TCW Hero of the Week
Journalist and radio host Julia Hartley-Brewer has won our praises this week by nailing down Labour’s hapless Shadow Defence Secretary Emily Thornberry over a bizarre and quite disrespectful interview on Hartley-Brewer’s radio show. Amid the flipping and flopping usually frequented by the most mediocre politicians, Julia stuck to her guns
When Hartley-Brewer pressed Thornberry on whether she wanted to respond to the concerns of Rear Admiral Chris Parry CBE, Thornberry replied “no, not really”. Julia didn’t let this go, reminding a bemused Thornberry that Rear Admiral Chris Parry CBE was a decorated Falklands War veteran who fought alongside people “who gave their lives to keep the Falkland Islands safe at the request of the Falklands people…that’s worth a response surely”. Thornberry emitted a deep Islington sigh and trundled on equivocating.
This interview not only reminded us how well Julia Hartley-Brewer performs when faced with a slippery customer, but also reinforces the fact that Labour’s Islington-dominated hierarchy just don’t understand what it means to care about Britain.
TCW Villain of the Week
Business Minister Anna Soubry’s high-handed blundering over the Tata steel crisis has been an ordeal to endure.
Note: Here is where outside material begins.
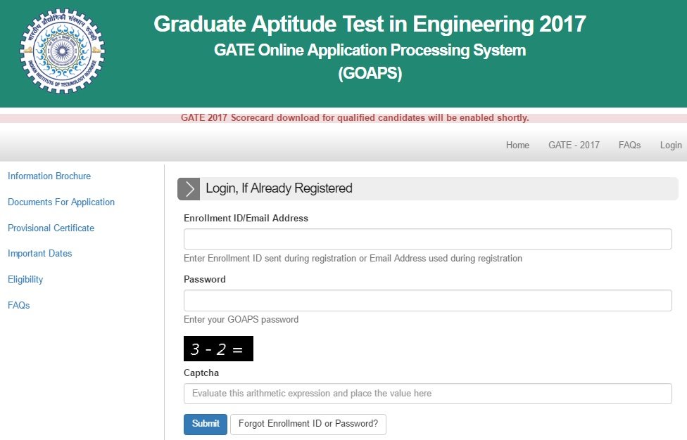 The official GATE 2017 Score Card can be downloaded from the GOAPS site between March 26, 2017 and May 31, 2017 by the qualified candidates only.
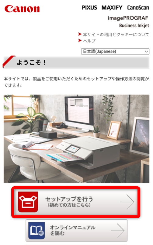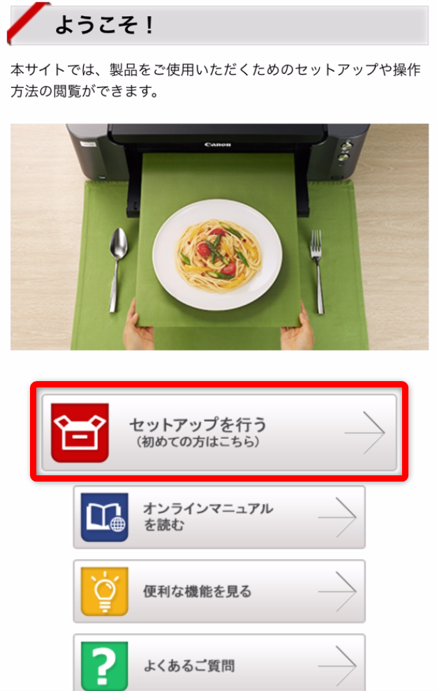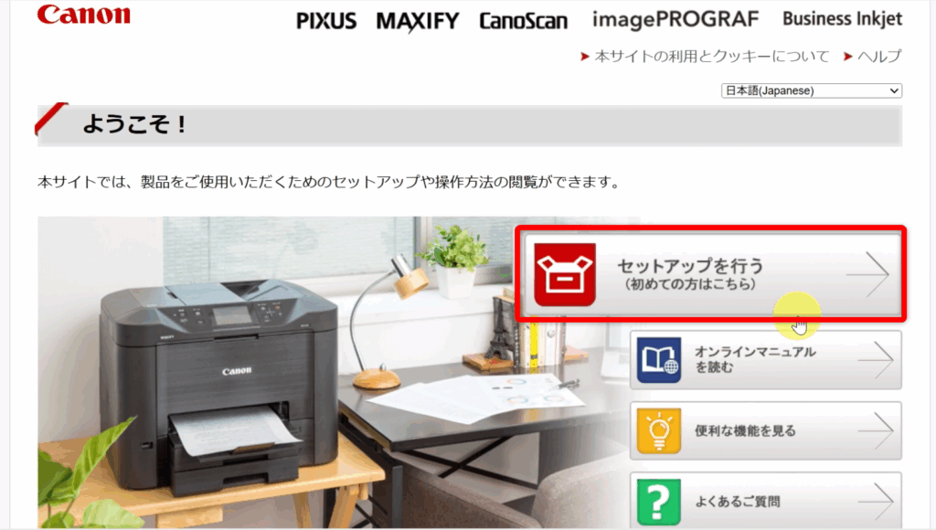Safariなどで「キャノン ようこそ」を検索する。

Left in the lurch by her boss Sajid Javid, a not-very-well-briefed Soubry gave false hope to thousands of families in Port Talbot and across the land by saying that a Government buyout was “an option, we have looked at all the options” before being contradicted by both Javid and the PM, who ruled out Government intervention.
Soubry then furthered her endearment to the nation by interrupting just about every question she was asked on the Today programme before aloofly admitting that she had been warned about the impending steel crisis but had consistently put off raising tariffs – unlike the US who took steps to save their own steel industry. Oh, and then she said that the EU would be our saviour – despite their own inaction on steel tariffs also hastening the demise of our industry.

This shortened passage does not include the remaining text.